1 Introduction

People are often baffled by my theory of consciousness, which seems to them to be summed up neatly in the paradoxical claim that consciousness is an illusion. How could that be? Whose illusion? And would it not be a conscious illusion? What a hopeless view! In a better world, the principle of charity would set in and they would realise that I probably had something rather less daft in mind, but life is short, and we’ll have one less difficult and counterintuitive theory to worry about if we just dismiss Dennett’s as the swiftly self-refuting claim that consciousness is an illusion. Other theorists, including, notably, Nicholas Humphrey (2006, 2011), Thomas Metzinger (2003, 2009) and Jesse Prinz (2012), know better, and offer theories that share important features with mine. I toyed with the idea of trying to re-offer my theory in terms that would signal the areas of agreement and disagreement with these welcome allies, but again, life is short, and I have found that task simply too much hard work. So with apologies, I’m going to restate my position with a few new—or at least newly emphasized—wrinkles, and let them tell us where we agree and disagree.

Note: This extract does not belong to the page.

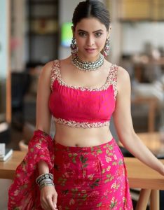 برتھ ڈے گرل آمنہ شریف کیوٹ، بولڈ اور گلیمرس بھی لگ رہی ہیں۔ آپ کسی گلابی شیڈ کا لہنگا کسی بھی فنکشن میں ٹرائی سکتے ہیں۔ اس لک کے لیے اپنے بال باندھ لیں۔ ایک بھاری نیک پیس اور بالیاں پہنیں۔ چولی یا بلاؤز کو پیچھے سے بالکل اسی طرح بنائیں۔

I take one of the usefully wrong landmarks in current thinking about consciousness to be Ned Block’s attempt to distinguish “phenomenal consciousness” from “access consciousness.” His view has several problems that I have pointed out before (Dennett 1994, 1995, 2005; Cohen & Dennett 2011), but my criticisms have not been sufficiently persuasive, so I am going to attempt, yet again, to show why we should abandon this distinction as scientifically insupportable and deeply misleading. My attempt should at least help put my alternative view in a better light, where it can be assayed against the views of Block and others. Here is the outline, couched in terms that will have to be clarified and adjusted as we go along:

  1. There is no double transduction in the brain. (section 1)
    Therefore there is no second medium, the medium of consciousness or, as I like to call this imaginary phenomenon, the MEdium.
    Therefore, qualia, conceived of as states of this imaginary medium, do not exist.

  2. But it seems to us that they do. (section 2) It seems that qualia are the source or cause of our judgments about phenomenal properties (“access consciousness”), but this is backwards. If they existed, they would have to be the effects of those judgments.

  3. The seeming alluded to in proposition 2 is to be explained in terms of Bayesian expectations. (section 3)

  4. Why do qualia seem simple and ineffable? This is an effect, a byproduct, an artifact of “access consciousness.” (section 4)

  5. Whose access? Not a witness in the Cartesian Theater (because there is no such functional place). (section 5)
    The access of other people! Our “first-person” subjectivity is shaped by the pressure of “second-persons”—interlocutors—to have practical access to what is going on in our minds.

  6. A thought experiment shows how even color qualia can be understood as Bayesian projections.